It is really hard for me to believe that B is turning 3 in just a week. However, when she starts one of her conversations with me it feels more like she is turning 13 (which is especially scary to J!) She is so very precious to us.
What has been even harder to believe, is that lately we have been leaving our kids more often...and they don't seem to mind! Both sets of grandparents have been amazing with watching them so we could go on dates (we have definitely been trying to make up for lost time!), and I think this has made all the difference for us. In Pasadena, there was an all-out hysterical melt-down if mommy and daddy even attempted to drop them off at kids' church. Now they head right into Sunday School, B's dance class, the childcare for MOPS, and now EVEN the gym childcare, with only an occasional slight whimper. If you had told me six months ago that this would be the case, I never would have believed you. I think it is because we left them with adoring grandparents first and eased them into the idea that mommy and daddy do sometimes do things without them.

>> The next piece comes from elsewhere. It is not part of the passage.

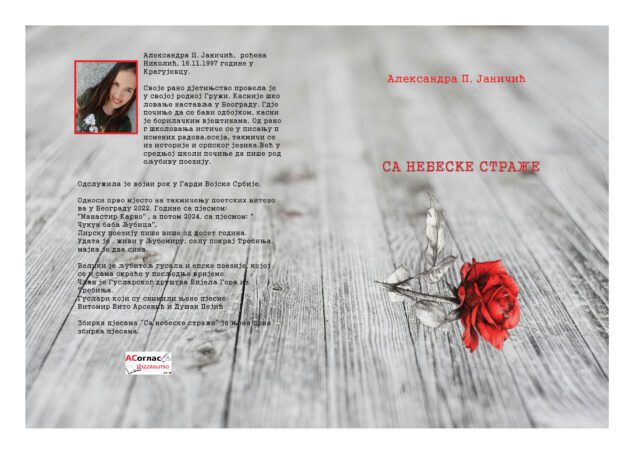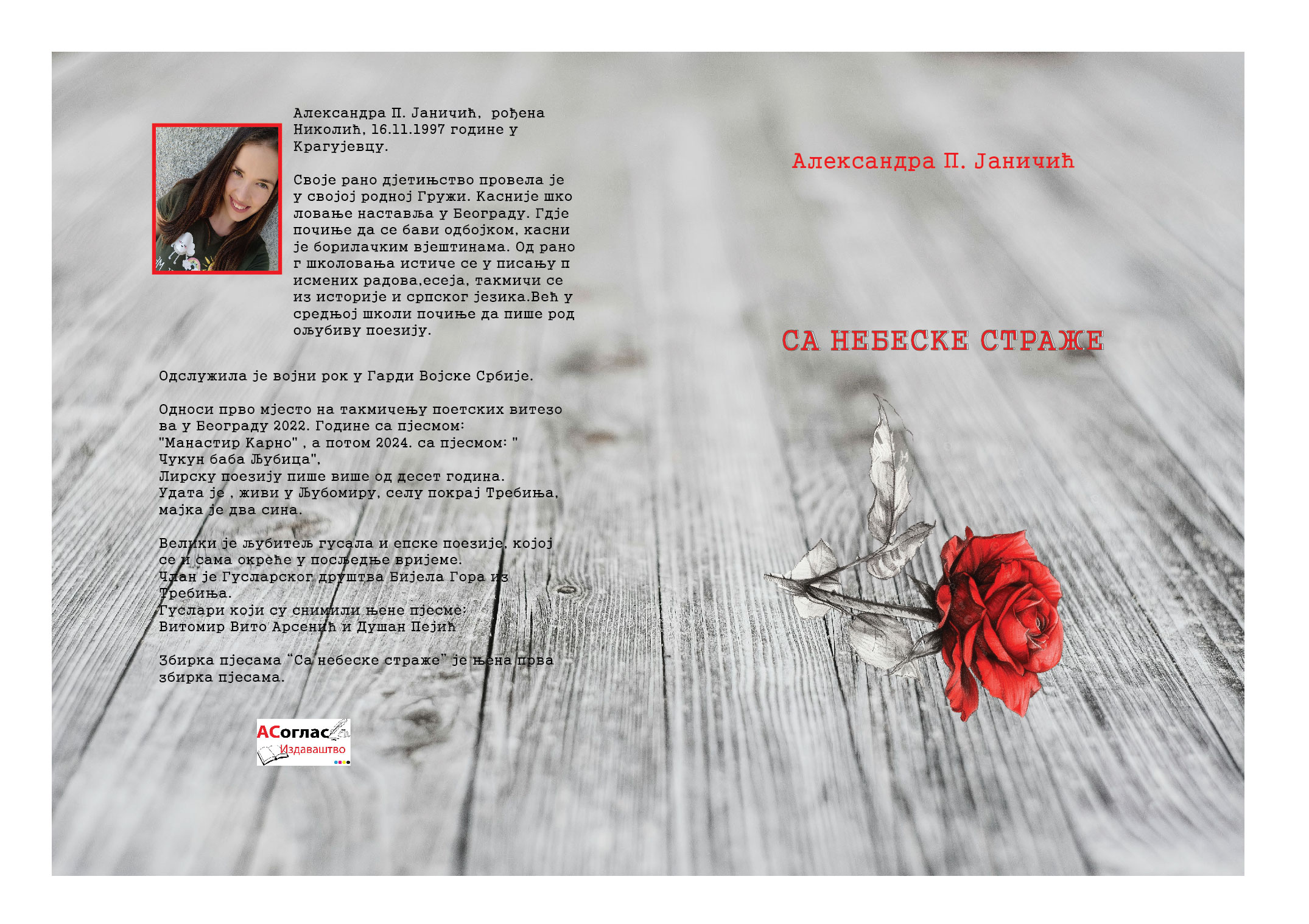 Када би се анђеоски језик могао описати, засигурно би био најприближнији поезији. Стиховање и песништво је област која је тако квалитетно и широко заступљена у српском народу и читавом српском бићу. Нико више и лепше не стихује него Срби, нити се тако дивно и топло у стиховима изражава. Управо таква је и поезија Александре Јаничић, дивна и топла. Не може ни бити другачија ако знамо да је ауторка ове збирке рођена у чаробном гружанском крајолику, колевци шумадијског песништва коју је широм света прославио бесмртни песник Добрица Ерић, певајући о зрењу жита, плесу свитаца и мирису шумадијског хлеба. Са друге стране, Александра је свој живот наставила у поносној Херцеговини, па је ова компилација њених животних простора учинила њено стваралаштво изузетним. Њене песме су гружански топле, обојене у пролеће, цветање и најлепше обичаје којима се Срби поносе, али и херцеговачки родољубиве, пуне животне мудрости и жеље за очувањем традиције. Ауторка пева о свим ранама српског рода, осврћући се на њих са тугом, али и са поносом. Подједнако је боле сва страдања српскога народа, и изванредно вешто и опомињуће их оживљава својим пером, не дајући да се забораве. Са посебним пијететом и емоцијом се осврће на страдалништво српских ратника, издижући их на заслужени пиједестал, посебно се осврћући на српске Спартанце модерног времена, неумрле Солунце.

It just makes me realize how big they are getting and how much easier life is becoming in certain ways. It seems more emotionally draining these days, but far less physically draining. I can do things like the dishes or take a shower while they are awake. Sounds silly, but those things are a pretty big deal.
Although, I must admit that watching them head off with not so much as a sad glance as I walk out the door does make me have a twinge of sadness myself. My babies are growing up and definitely don't "need" me as much as they used to. After all, that little girl was pretty much constantly in my arms for the first 12-18 months of her life. But, luckily, that twinge of sadness passes as I am able to have a little time to re-energize. And, who knew exercise could be so relaxing!?!